> **EXERCISE PROMPT**
Nothing but the lines below, from the first through the line containing "Living Room –", should be set down, each one exactly and without pictures.

(Collected data)

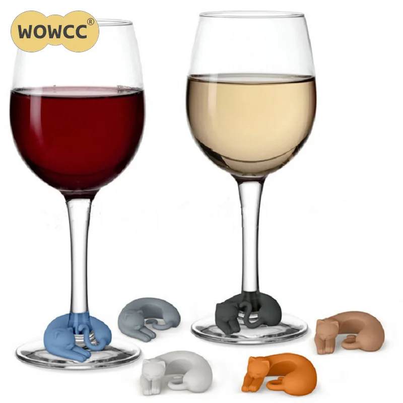 Купить дешевый 6 шт. компл. силиконовой присоской Cat винный Стекло
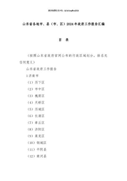 【七哥公文】2024年:山东省各地市、县(市、区)2024年政府工作报告汇编+更多免费公文+VX:QiGeGongWen2024
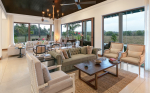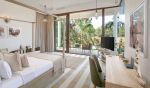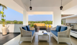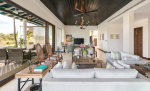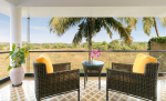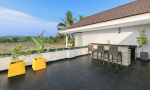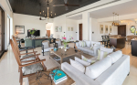 Living Room – You are sure to love this rental property from the moment you step into the house – the modern comforts, luxuries, serene ambiance, lush greenery, and impressive sea views. The living room, in a sparkling white décor, is fantastic. There are several sofas for everyone. Objects of art and designer lamp shades decorate the space. Two walls of this room are made entirely of glass, which opens to a shaded balcony, which has additional seating areas. You will see vast open fields after this.
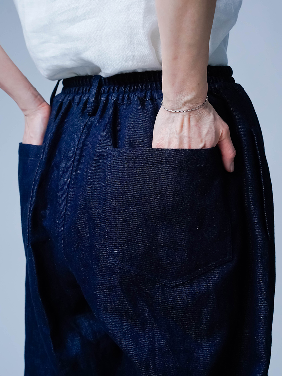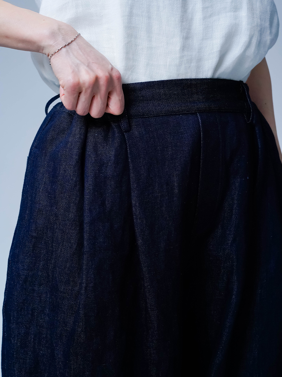 また、リネンデニムはお洗濯の環境によって2cm~4cmほどの縮みがございます。
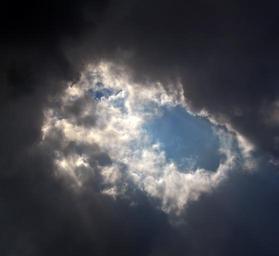 Keywords: clouds sky miracle blue radiating lights darkness dark bright brightness eye strange eye mystery
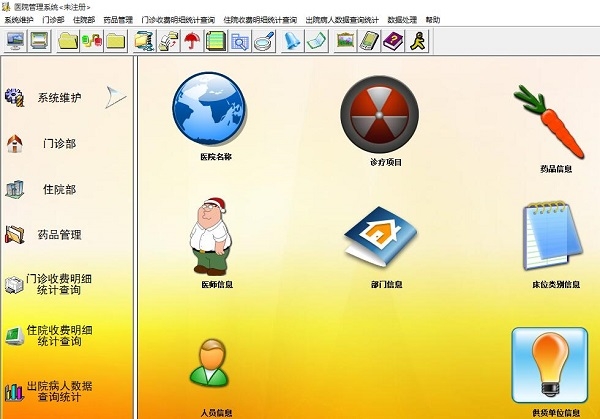系统维护包括:门诊收费信息、经办人信息、医师信息、科室信息、住院费用信息、药品库、期间参数设置六项,此项是系统的基础数据,在使用系统前应先输入这些信息。
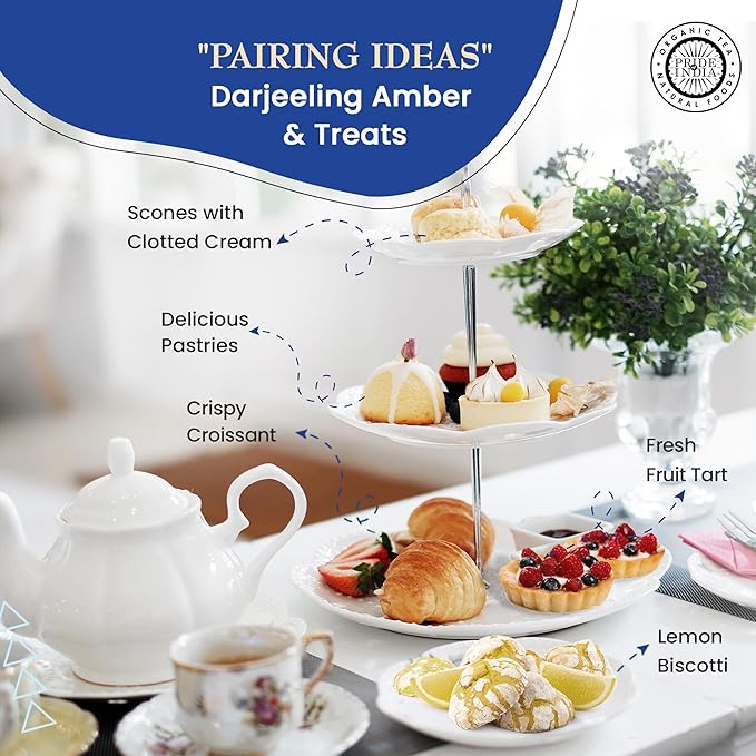 - Hearty Pairings: Darjeeling Amber’s delicate, floral flavor pairs beautifully with a variety of light, savory and sweet treats. Enjoy it with fresh scones, pastries, mild cheeses, or delicate finger sandwiches for a classic afternoon tea break.
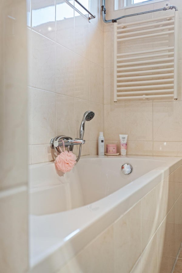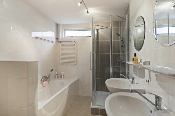 De complete badkamer is van alle gemakken voorzien en beschikt over dubbele wastafels, een ruime douche, een ligbad en een tweede zwevend toilet, comfortabel en praktisch voor het hele gezin.
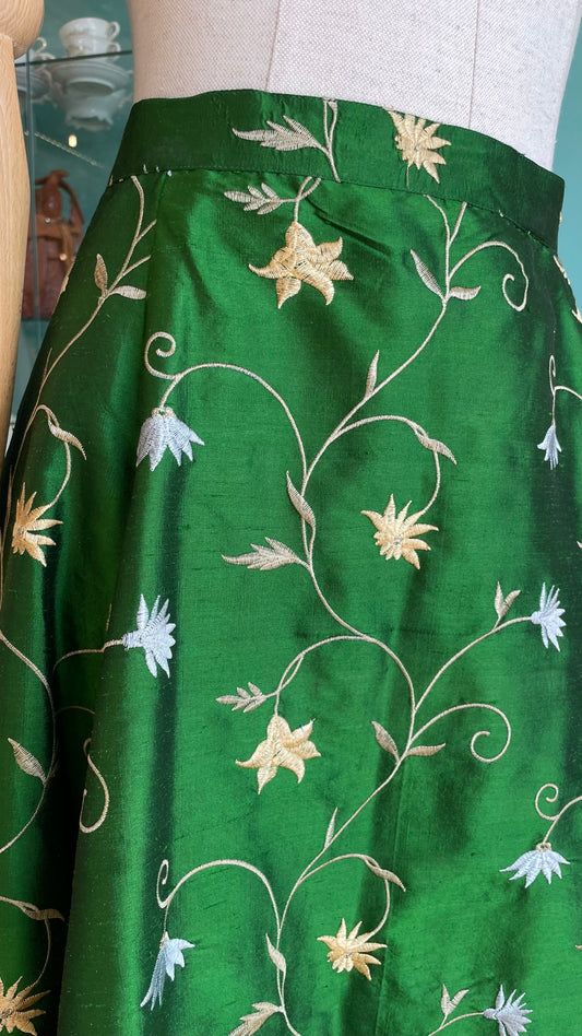 Gonna vintage in shantung verde sartoriale - tg.46/48
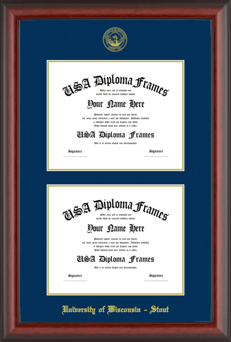 University of Wisconsin – Stout Double Diploma Frame – Double Document – Cherry Mahogany Matte – Navy and Gold Mat
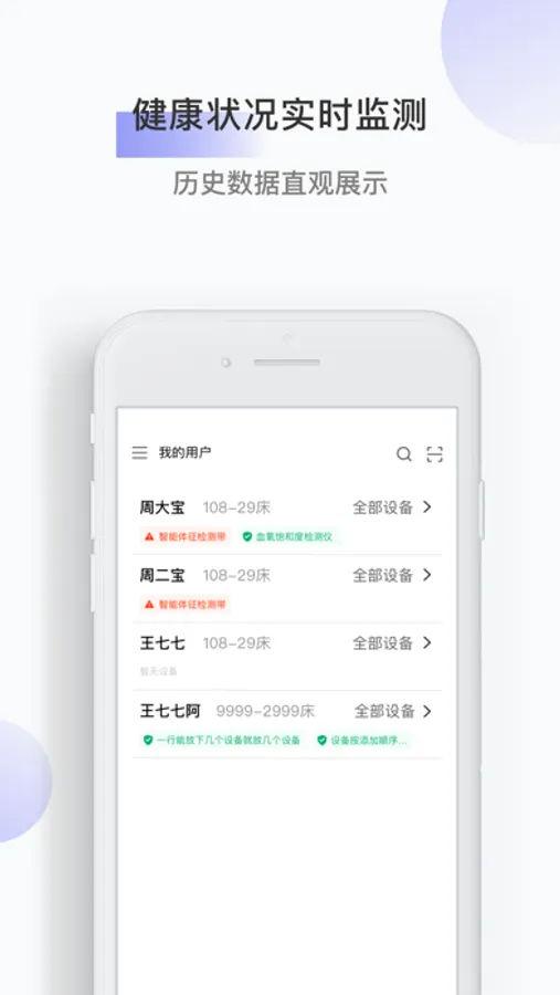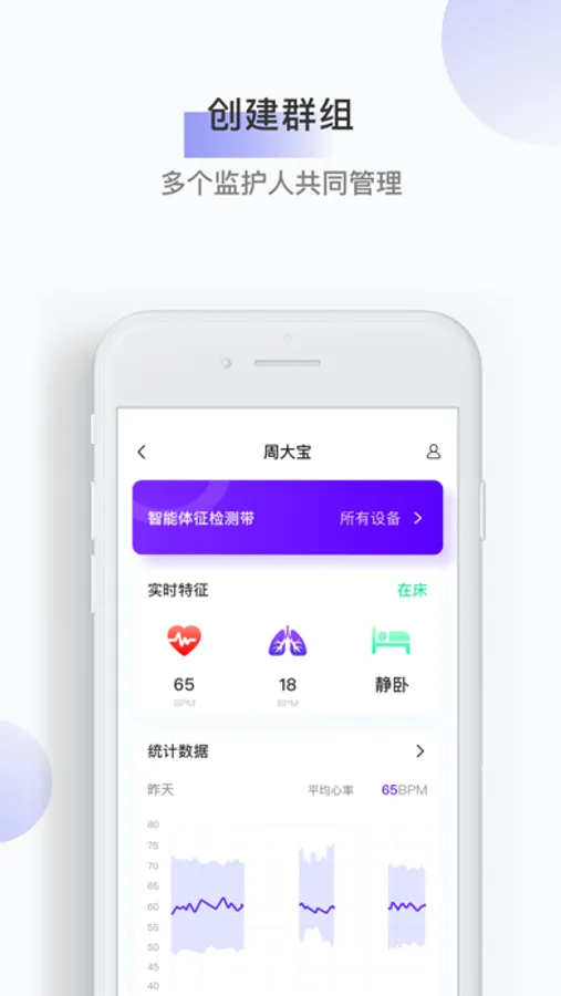 “颐康”是一款面向养老机构以及个体家庭的老人健康状态智能监测软件,通过连接配套的智能硬件设备实时监测被监护者的健康数据,包括呼吸、心率以及睡眠状态等;并能够生成直观的统计图表,方便用户通过分析老人不同时段的历史健康数据来全面了解老人的身体状况。

> **WRITTEN SOLUTION**
 Купить дешевый 6 шт. компл. силиконовой присоской Cat винный Стекло
 【七哥公文】2024年:山东省各地市、县(市、区)2024年政府工作报告汇编+更多免费公文+VX:QiGeGongWen2024
 Living Room – You are sure to love this rental property from the moment you step into the house – the modern comforts, luxuries, serene ambiance, lush greenery, and impressive sea views. The living room, in a sparkling white décor, is fantastic. There are several sofas for everyone. Objects of art and designer lamp shades decorate the space. Two walls of this room are made entirely of glass, which opens to a shaded balcony, which has additional seating areas. You will see vast open fields after this.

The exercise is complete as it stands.